VERIFIED RESULTS (2026-05-31 survey, aimap v1.9.44 + datalabel-probe v0.2)

Managed-cloud tier (title dorks, no cheap-VPS org filter). 80 candidates.

  • Label Studio http.title:"Label Studio": 21 hits, 17 confirmed; 16/17 open self-registration (/user/signup reachable, DISABLE_SIGNUP_WITHOUT_LINK=False default) = effective-unauth (register then read /api/projects + /api/tasks). 1 signup-closed. http.html:"label-studio-os-package" = 0 (Shodan does not index the /api/version JSON key).
  • CVAT http.title:"Computer Vision Annotation Tool": 30 hits, 20 confirmed, 20/20 auth-on.

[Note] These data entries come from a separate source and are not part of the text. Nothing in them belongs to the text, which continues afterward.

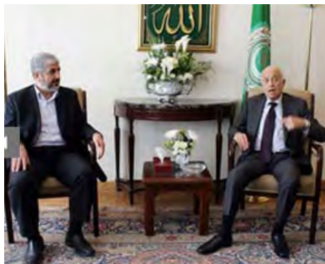
Jaled Meshal con el Secretario de la Liga Árabe ( http://www.palestine-info.co.uk , 29 de abril de 2012)
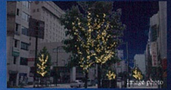
シンフォニーロード
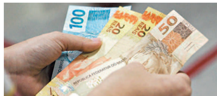
R$ 303 equivale a 25% do salário mínimo vigente

Para os custos de energia, água e esgoto seria possível obter descontos por meio das tarifas sociais. A Compesa disponibiliza a cobrança mínima de R$ 9,44 para inscritos em programas sociais e a Neoenergia desconta até 65%. Mesmo descontando possíveis gastos com moradia, saúde, educação, vestuário e higiene, o salário mínimo existencial não conseguiria suprir as necessidades básicas.
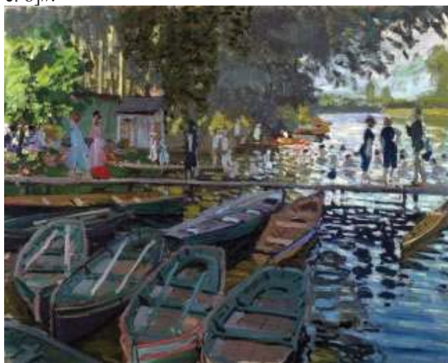
Іл. 1. К. Моне «Жабник» (1)

стану і тісно пов'язане з художнім значенням тексту з його семантико стилістичною структурою в цілому. [5, с. 8]».
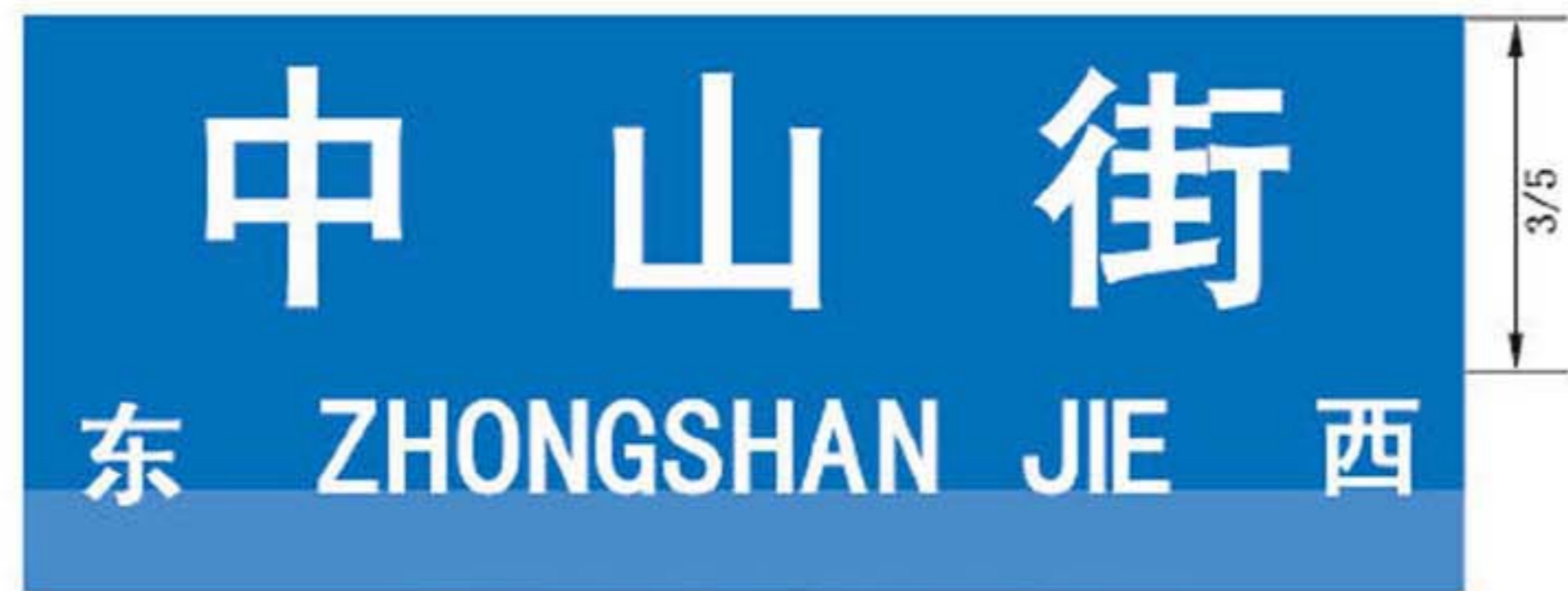
图 B.23 带有指示方向信息的地名标志版面示例
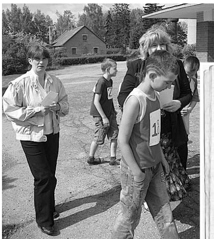
Dodamies uz krosu!
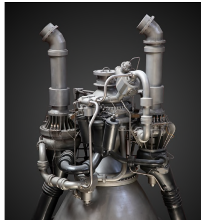
[그림 5] 연소기 배관 하우징 (Arian Space 제공)

연소기용 배관은 산화제 개폐밸브는 엔진에 극저온의 액체의 산화제를 공급하기 위한 밸브이며 적층제조법으로 인코넬 718 분말을 사용하여 제조할 예정이다. 중량은 1.2kg 정도이며 제품의 치수는 대략 10x10x100mm 정도이다. 요구 유량은 3kg/s, 차압은 최대 10Bar 이하이다. 작동 내구성 확인을 위하여 약 10회 정도의 시험을 실시할 예정이다.

PROBE NOTE: /api/server/about needs Accept: application/vnd.cvat+json (DRF AcceptHeaderVersioning); a plain application/json probe and aimap both get 0/30 (Insight #73). Versions 2.5-2.64.1 (many outdated, applicable-CVE class).
  • doccano http.title:"doccano": auth-on (consistent with the 2026-05-04 348/348). FP TRAP: do NOT fingerprint doccano on /v1/health {“status”:…} alone, it FPs on Label Studio hosts (whose proxy also serves /v1/health); anchor on the /-page “doccano” marker.
  • Argilla port:6900 "argilla" = 0, Prodigy http.html:"prodigy.js" = 0: Shodan-dark. Argilla is HF-Spaces-dominant (needs HF-Hub enum); both carry default-open knobs (Argilla owner.apikey/12345678, Prodigy no-auth) this Shodan tier could not measure.

Insight #72: the discriminator is the default value of the registration knob (LS open vs CVAT/doccano closed). Insight #73: header-versioned APIs (CVAT vendor media type) are invisible to header-less fingerprinters.